I think people just don't like how boring the answer is.
No, I don't think you understand how fundamentally hard the question is. See the hard problem of consciousness[1]. When you think about gravity, you can imagine a universe where gravity is reversed. All of the physics seems mechanical, or probabilistics or whatever. But "there's there there" is a completely different phenomena that I think we will never have an answer for.
There doesn't seem to be a continuity, either something is there, or there isn't. You can be drunk, hallucinating, feel extremely dizzy, trapped in a vat, trapped inside another universe inside vat, trapped as a figment of reality of other beings, but the fact that "there's there there" is binary.

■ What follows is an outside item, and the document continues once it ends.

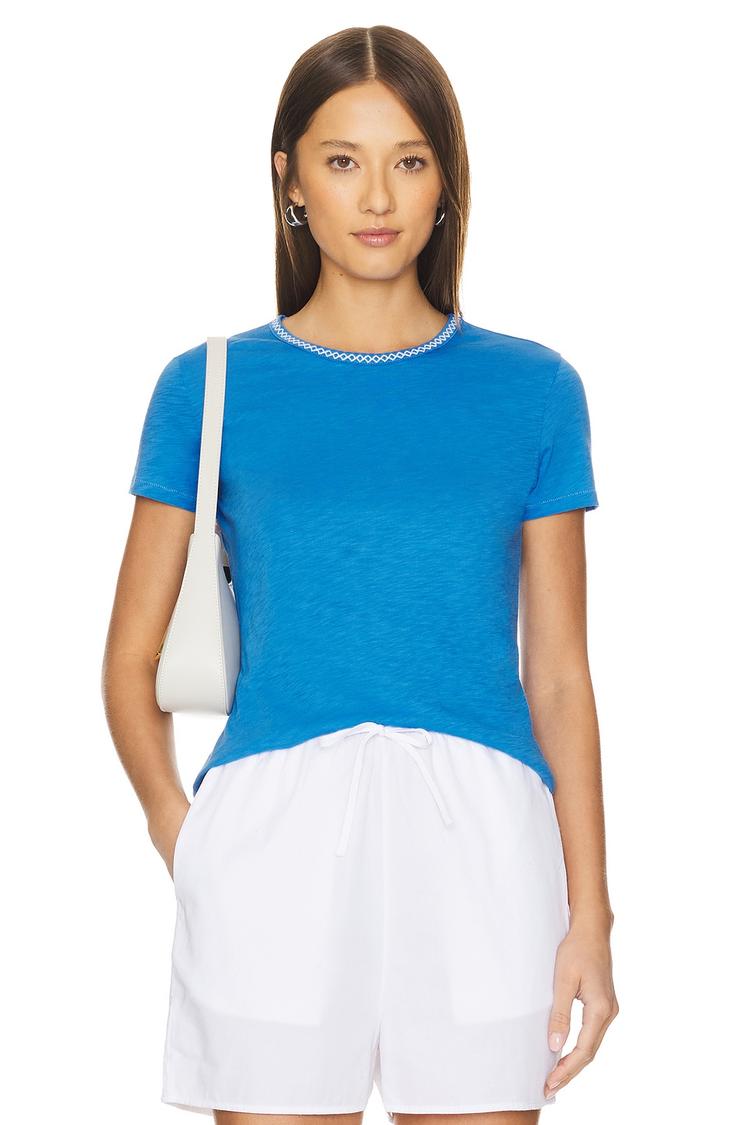 Bright blue cotton jersey with slub texture and a classic fit brings effortless style to your wardrobe. This classic tee features a round neck adorned with delicate white embroidered trim, adding a subtle decorative touch at the collar. Half sleeves and a hip-length hem make it versatile and comfortable for spring, summer, and autumn days. Ideal for casual outings, everyday wear, and business casual looks, this pullover tee pairs easily with shorts or skirts, combining timeless simplicity with refined details for a polished yet relaxed vibe.

It is something that cannot be divided or peeked into. A kind of fundamental atomic property.
I understand the hard problem. There clearly is a continuum of "consciousness" from simple insects on up to primates & cetaceans, and the complexity of that consciousness is correlated with the structural complexity of the brain. Creating minds is just what brains do.
Anyway, I was specifically responding to the parent comment statements about the research needed, pointing out that we already have it.
I don't think neural correlates of consciousness have been identified, so clearly there remains research to be done. I'm not in touch with the neuroscience literature, but acknowledging the hard problem of consciousness means one should accept there is a lot of work remaining. That being said, I believe the hard problem is surmountable. In my mind the situation is similar to computer science before Turing's description of the Turing machine: there were imprecise notions abound about what computation meant that needed to be clarified through a concrete model. My view is simply that finer control over conscious experience would aid understanding enormously. But you're right, I should probably skim the real research more.
Because the evidence strongly indicates so: we haven't found a single instance in the entire universe of a conscious entity that wasn't also a living being.
And 200 years ago only living being could fly, but now we have machines that can fly higher and faster than any bird, even to Mars. But back then you could have said flight requires a living being because that's all we've ever seen.
A hundred years ago computers didn't exist and now they've been beating us at chess for some time. That you haven't seen a conscious computer yet in no way proves that it's not possible is principle.
I never said that the evidence proves that conscious machines are impossible. I said it strongly suggests that it's impossible. Also I disagree that air-planes can fly, for the same reason that I don't agree that boats can swim. The term "can" implies agency, and machines don't have that. All the technological progress during the last 200 years doesn't appear to have brought machines any closer to having such capability.